SUPPLIED DATA ->
[Start of Attachment]

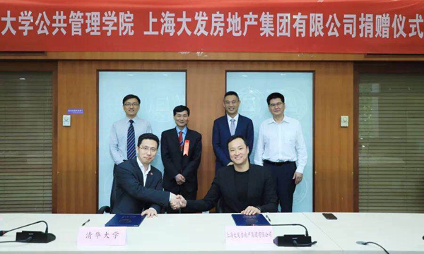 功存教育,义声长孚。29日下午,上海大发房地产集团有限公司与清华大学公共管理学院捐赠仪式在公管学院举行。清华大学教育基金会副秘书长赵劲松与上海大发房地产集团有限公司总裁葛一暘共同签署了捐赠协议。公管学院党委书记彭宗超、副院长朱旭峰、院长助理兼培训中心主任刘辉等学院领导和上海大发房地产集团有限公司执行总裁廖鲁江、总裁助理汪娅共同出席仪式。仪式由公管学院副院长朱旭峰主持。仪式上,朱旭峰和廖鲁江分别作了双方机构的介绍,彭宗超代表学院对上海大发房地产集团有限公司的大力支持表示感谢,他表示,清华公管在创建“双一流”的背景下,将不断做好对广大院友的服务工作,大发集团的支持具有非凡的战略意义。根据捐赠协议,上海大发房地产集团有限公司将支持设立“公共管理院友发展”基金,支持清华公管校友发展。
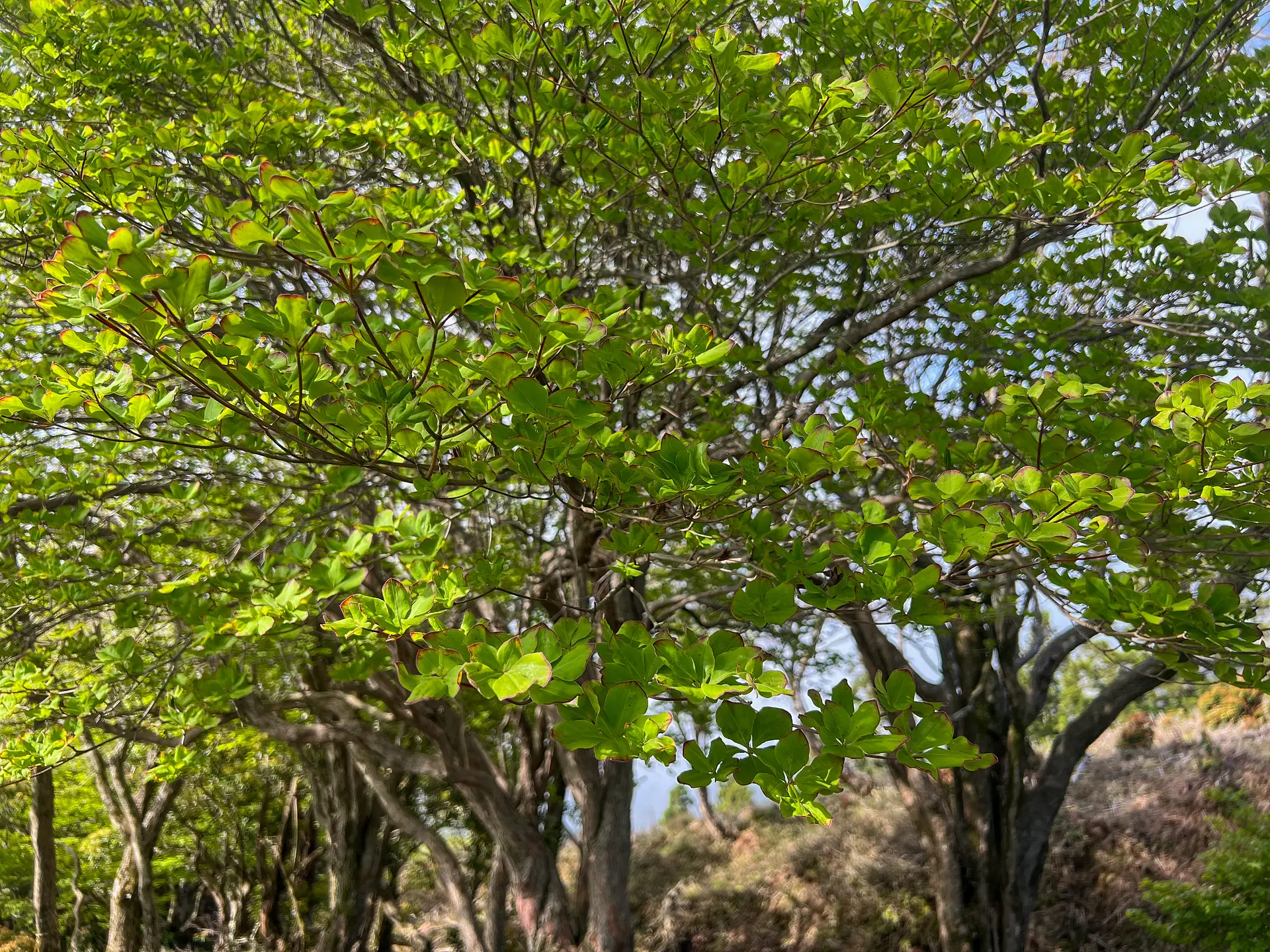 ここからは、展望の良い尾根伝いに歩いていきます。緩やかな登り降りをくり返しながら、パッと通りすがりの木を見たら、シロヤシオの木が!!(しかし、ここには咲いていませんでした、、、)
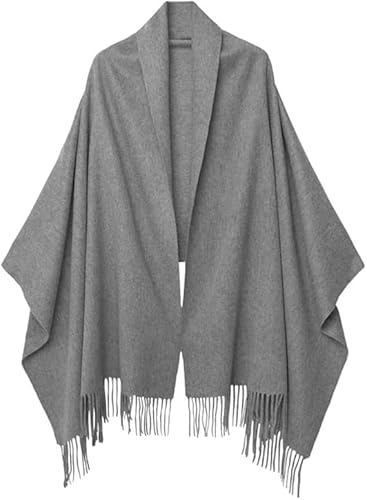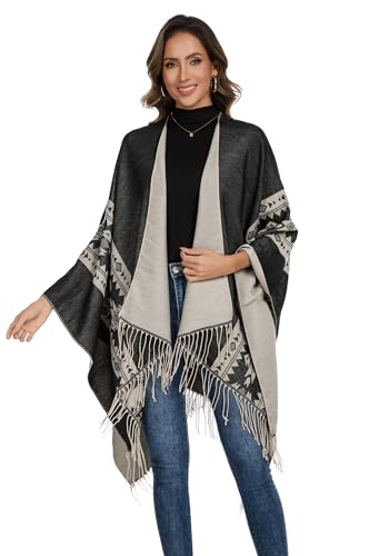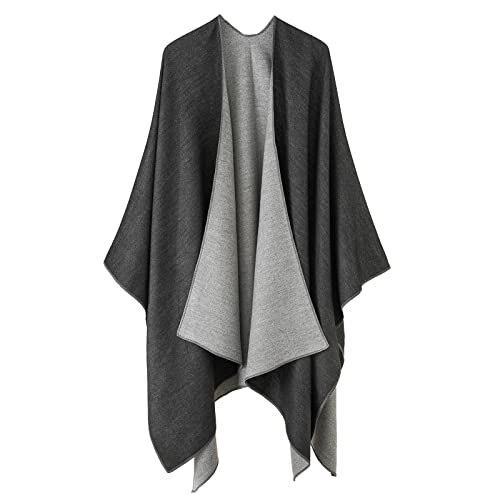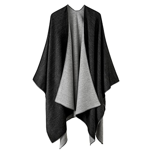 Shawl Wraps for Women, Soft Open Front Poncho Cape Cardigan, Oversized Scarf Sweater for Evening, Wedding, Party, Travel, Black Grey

[End of Attachment]

WORK TO COMPLETE -> Write the material out again word for word and omit any images.

ANSWER TO THE EXERCISE ->
 功存教育,义声长孚。29日下午,上海大发房地产集团有限公司与清华大学公共管理学院捐赠仪式在公管学院举行。清华大学教育基金会副秘书长赵劲松与上海大发房地产集团有限公司总裁葛一暘共同签署了捐赠协议。公管学院党委书记彭宗超、副院长朱旭峰、院长助理兼培训中心主任刘辉等学院领导和上海大发房地产集团有限公司执行总裁廖鲁江、总裁助理汪娅共同出席仪式。仪式由公管学院副院长朱旭峰主持。仪式上,朱旭峰和廖鲁江分别作了双方机构的介绍,彭宗超代表学院对上海大发房地产集团有限公司的大力支持表示感谢,他表示,清华公管在创建“双一流”的背景下,将不断做好对广大院友的服务工作,大发集团的支持具有非凡的战略意义。根据捐赠协议,上海大发房地产集团有限公司将支持设立“公共管理院友发展”基金,支持清华公管校友发展。
 ここからは、展望の良い尾根伝いに歩いていきます。緩やかな登り降りをくり返しながら、パッと通りすがりの木を見たら、シロヤシオの木が!!(しかし、ここには咲いていませんでした、、、)
 Shawl Wraps for Women, Soft Open Front Poncho Cape Cardigan, Oversized Scarf Sweater for Evening, Wedding, Party, Travel, Black Grey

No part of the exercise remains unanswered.